The vertical and source crawlers: CCBot (Common Crawl, which feeds multiple LLM training pipelines), FacebookExternalHit, Twitterbot, LinkedInBot, Slackbot — each of which drives citation in social and platform AI surfaces.

The 63-bot list is documented in CLAUDE.md and refreshed monthly. The May 2026 update added 5 bots (Claude-SearchBot, Claude-User, MistralAI-User, DuckAssistBot, Google-CloudVertexBot) on top of the prior 58-bot baseline. Operators running on Bud Authority client infrastructure inherit the current allowlist automatically.

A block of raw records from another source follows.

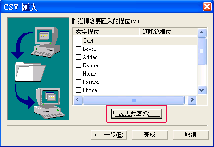 | 7. | 點選「變更對應」欄位 |
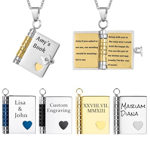 Alwesam Personalized Book Locket Necklace with Message Custom Engraved Love Letter Pendant Jewelry Gift for Her Him Women Men Couple Family Friend Birthday Valentine Mother Day
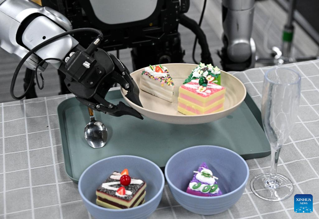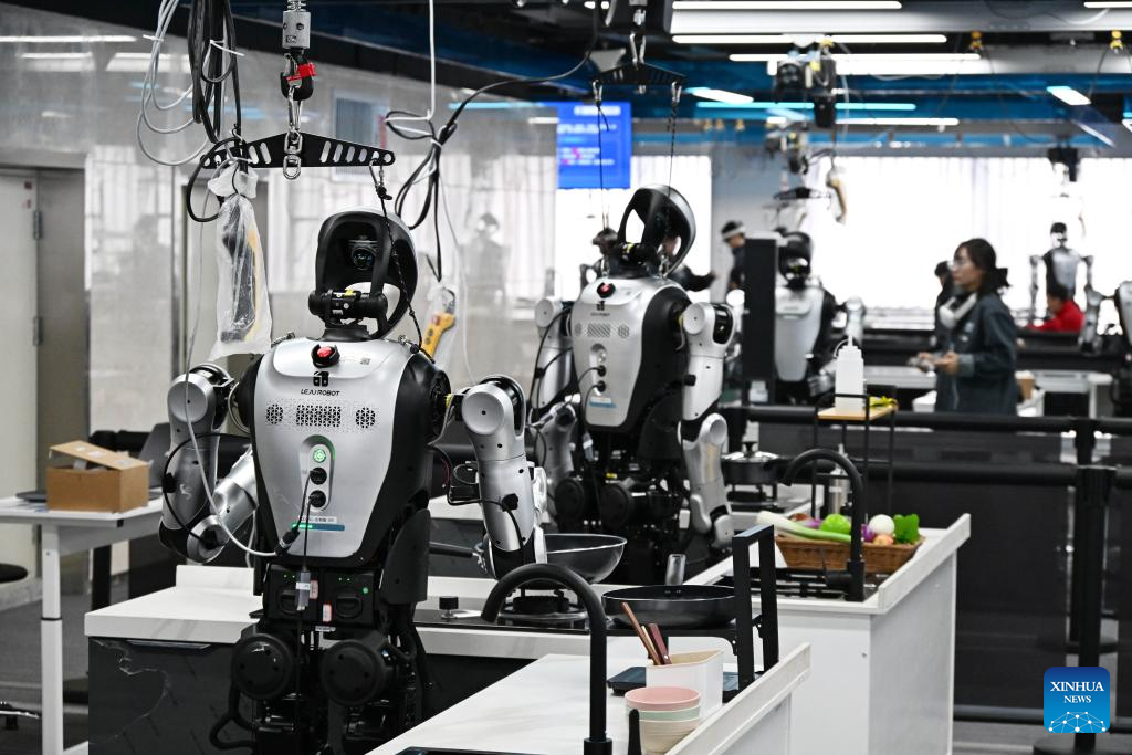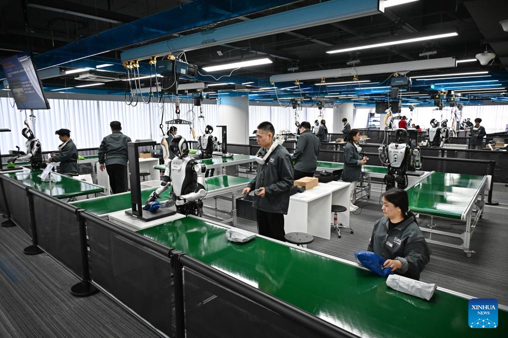 Data collectors here control robots to complete specific tasks like logistics sorting, supermarket restocking, kitchen operations, and component assembly. Through thousands of repetitions and trials, massive amounts of motion data are generated, endowing robots with a smarter "intelligent brain," and helping humanoid robots enter all walks of life to serve thousands of households. (Xinhua/Li Ziheng)
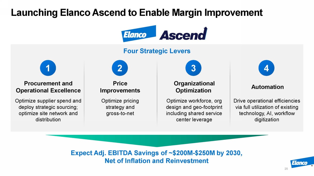 Launching Elanco Ascend to Enable Margin Improvement 25 Procurement and Operational Excellence Optimize supplier spend and deploy strategic sourcing; optimize site network and distribution Organizational Optimization Optimize workforce, org design and geo - footprint including shared service center leverage Automation Drive operational efficiencies via full utilization of existing technology, AI, workflow digitization Price Improvements Optimize pricing strategy and gross - to - net 1 2 3 4 Four Strategic Levers Expect Adj. EBITDA Savings of ~$200M - $250M by 2030, Net of Inflation and Reinvestment
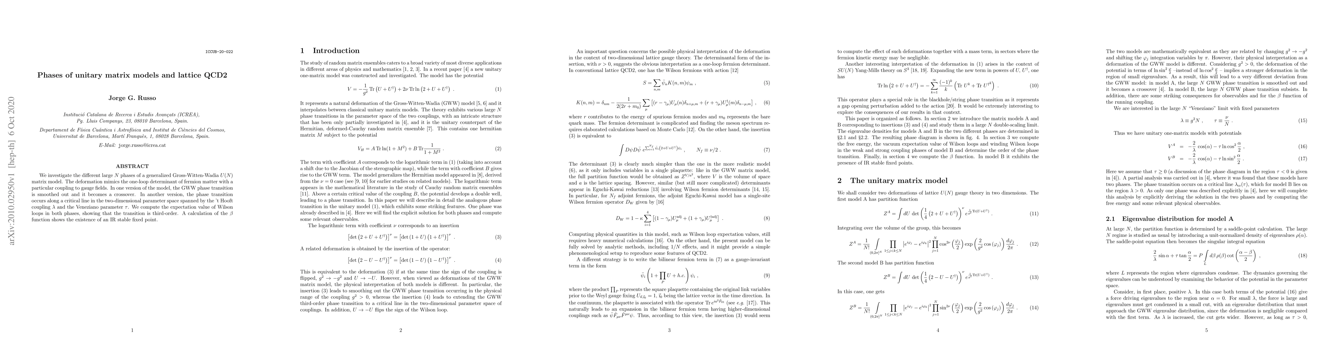 We investigate the different large $N$ phases of a generalized Gross-Witten-Wadia $U(N)$ matrix model. The deformation mimics the one-loop determinant of fermion matter with a particular coupling to gauge fields. In one version of the model, the GWW phase transition is smoothed out and it becomes a crossover. In another version, the phase transition occurs along a critical line in the two-dimensional parameter space spanned by the 't~Hooft coupling $\lambda$ and the Veneziano parameter $\tau$. We compute the expectation value of Wilson loops in both phases, showing that the transition is third-order. A calculation of the $\beta $ function shows the existence of an IR stable fixed point.

Additionally, every robots.ts ships an X-Robots-Tag header at the edge that mirrors the in-file directives — a redundancy layer for crawlers that don't fetch the file on the first request.

Section 08

How to Test If You're Cited

Citation status is verifiable manually. The protocol takes 20 minutes per dispensary.

Run named-query probes across each AI surface. ChatGPT: "best dispensary in [primary metro], [state]" — does the dispensary appear in the answer? Click through the cited source link. Perplexity: same query. Inspect the citation sidebar. Each cited source links directly to its source URL. Claude: same query in Claude.ai web search mode. Confirm citation in the response. Gemini in Google AI Overview: search the query in Google with AI Overview enabled. Inspect the "From these sources" panel.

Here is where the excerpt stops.